Жутко грамотный русский язык :Roll Eyes (Sarcastic):

----------


## Антон Соносон

> Жутко грамотный русский язык


спасибо переводчикам. В современном русском языке пол-миллиона слов, из них едва ли 10 есть исконно-русских, некоторые из этих исконных слов сейчас употребляются в другом значении  :Facepalm: , сансара она такая

----------


## Нико

> спасибо переводчикам. В современном русском языке пол-миллиона слов, из них едва ли 10 есть исконно-русских, некоторые из этих исконных слов сейчас употребляются в другом значении , сансара она такая


Это не сансара такая, просто не надо *сосредотачиваться*

----------

Антон Соносон (20.06.2014)

----------


## Антончик

> Это не сансара такая, просто не надо *сосредотачиваться*


а что надо делать? рассредотачиваться? ))))))

----------


## Нико

> а что надо делать? рассредотачиваться? ))))))


т*о*читься в обоих случаях. Как с одноточечной, если кто-либо на этом слове настаивает. )

----------

Антон Соносон (20.06.2014)

----------


## Йен

> В приведённой ссылке на форум dhamma.ru обсуждение зачем-то опирается на иностранные словари и Йога-сутру Патанджали, которая к буддийской практике не имеет никакого отношения, те понятия, которые использует Патанджали, в буддизме не используются вообще или используются не так, как в его сутре (сравните её 1 строку с какой-то буддийской йогой и далее - по тексту сутры, включая пуруш с атманами)


 Там Патанджали просто как пример привели, в дополнение, а разбирают слово ‘ekaggataa’ на языке пали.

----------

sergey (20.06.2014)

----------


## Нико

> Там Патанджали просто как пример привели, в дополнение, а разбирают слово ‘ekaggataa’ на языке пали.

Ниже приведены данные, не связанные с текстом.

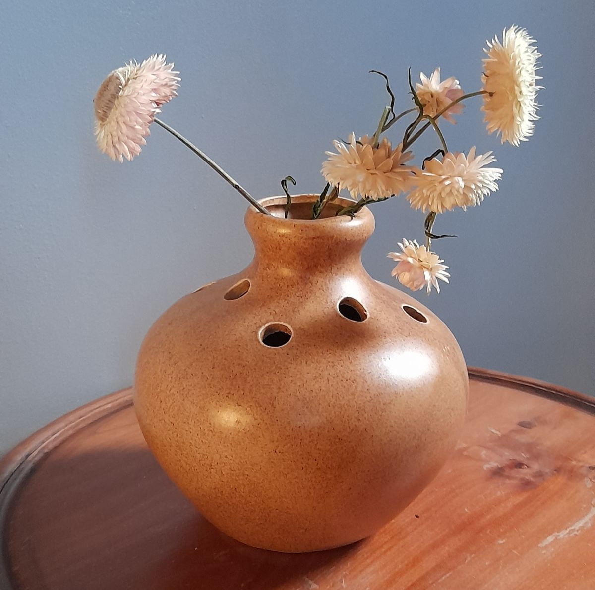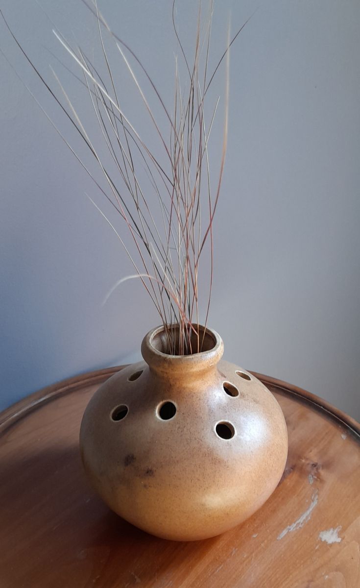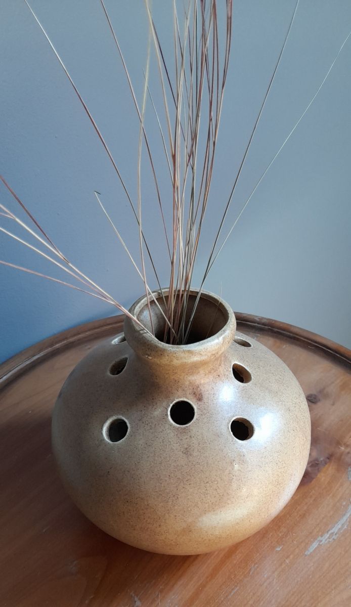Vase pique fleurs en grès 1970, très tendance pour une déco au naturel.
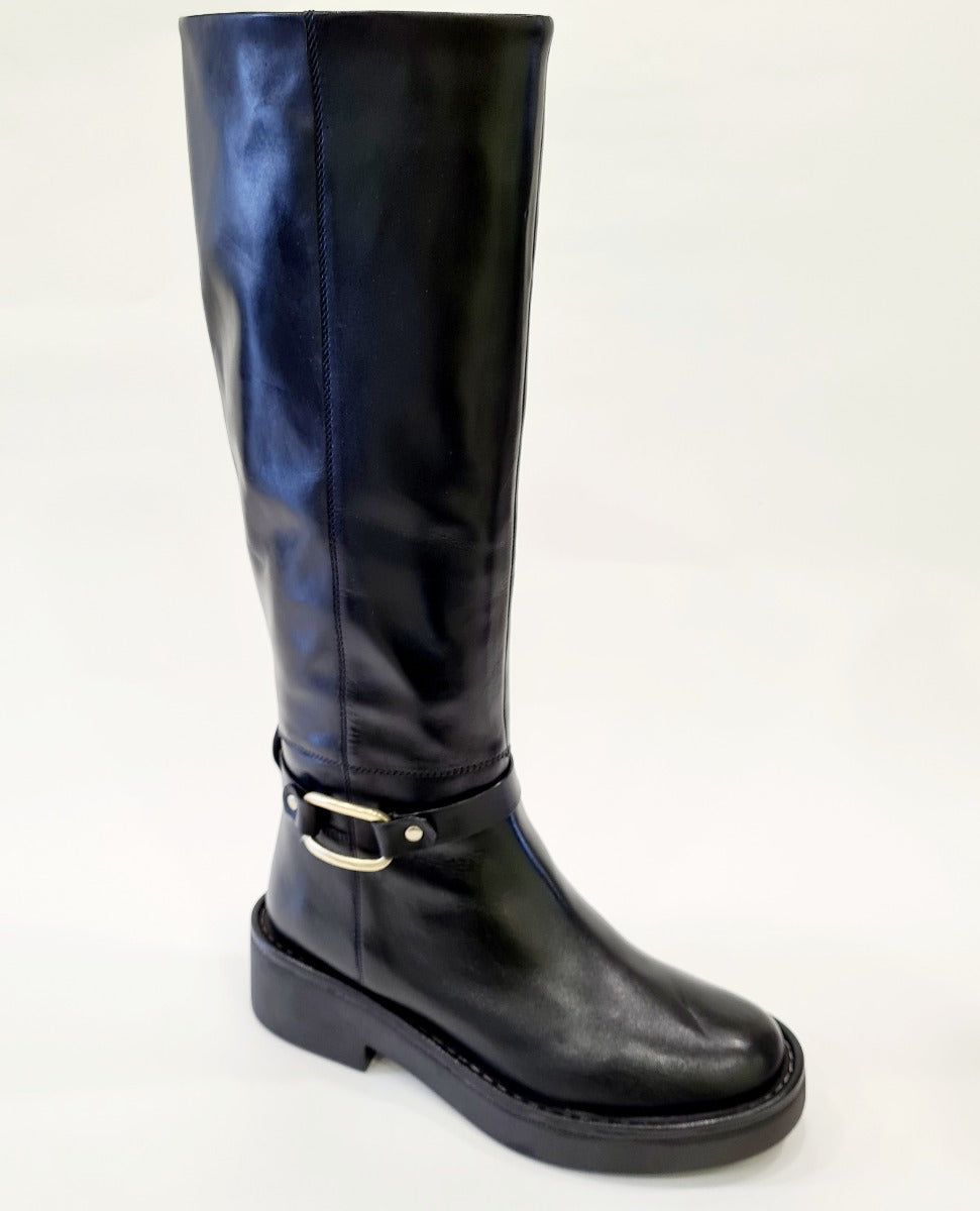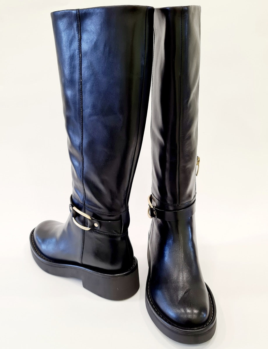 Les Poèmes stivale cavallerizzo accessorio bronzo fondo gomma tacco alto alto 5 cm pelle Black rif.744

А какое это имеет отношение к разочарованию в сансаре?

----------


## sergey

> есть глагол в русском языке: сосредоточивать (-чить),


Прежде, чем отвечать собеседнику, с выпадами: "_осведомитесь, если не знаете_", с претензиями: "_Если такие тавтологии перемешать с объектами сосредоточения, как это сделали Вы_", стоит внимательно прочитать, что пишет собеседник. Я писал о слове "одноточечность", а не о слове "сосредоточенность", "сосредоточивать" (вариант "сосредотачивать"), а вы мне пытаетесь объяснить значение слова "сосредоточенность" и, похоже, доказать, что нужно использовать его.

----------


## Нико

> Прежде, чем отвечать собеседнику, с выпадами: "_осведомитесь, если не знаете_", с претензиями: "_Если такие тавтологии перемешать с объектами сосредоточения, как это сделали Вы_", стоит внимательно прочитать, что пишет собеседник. Я писал о слове "одноточечность", а не о слове "сосредоточеннность", "сосредоточивать" (вариант "сосредотачивать"), а вы мне пытаетесь объяснить значение слова "сосредоточенность" и, похоже, доказать, что нужно использовать его.


Какая всё же Вики глупая. "Сосредотачивать" -- это всё равно что сказать, что "кофе - оно моё". Или что "ложить". Или: "Ты мне позвОнишь?"

----------


## sergey

> Какая всё же Вики глупая. "Сосредотачивать" -- это всё равно что сказать, что "кофе - оно моё". Или что "ложить". Или: "Ты мне позвОнишь?"


В орфографическом словаре есть обе формы: http://alfavit.dljavseh.ru/alfavit/s.htm
В словаре Ушакова (1935-1940) "сосредотачивать" помечено как просторечное http://dic.academic.ru/dic.nsf/ushakov/1036406

----------

Вишаут (21.06.2014)

----------


## Нико

> В орфографическом словаре есть обе формы: http://alfavit.dljavseh.ru/alfavit/s.htm
> В словаре Ушакова (1935-1940) "сосредотачивать" помечена как простонародная http://dic.academic.ru/dic.nsf/ushakov/1036406


Ну, извините. Мало ли что в словарях написано. Мне тут недавно попался корректор, которая, указав на какой-то словарь, сказала, что нужно писать "однонаправленый".

----------


## Юй Кан

> Какая всё же Вики глупая. "Сосредотачивать" -- это всё равно что сказать, что "кофе - оно моё". Или что "ложить". Или: "Ты мне позвОнишь?"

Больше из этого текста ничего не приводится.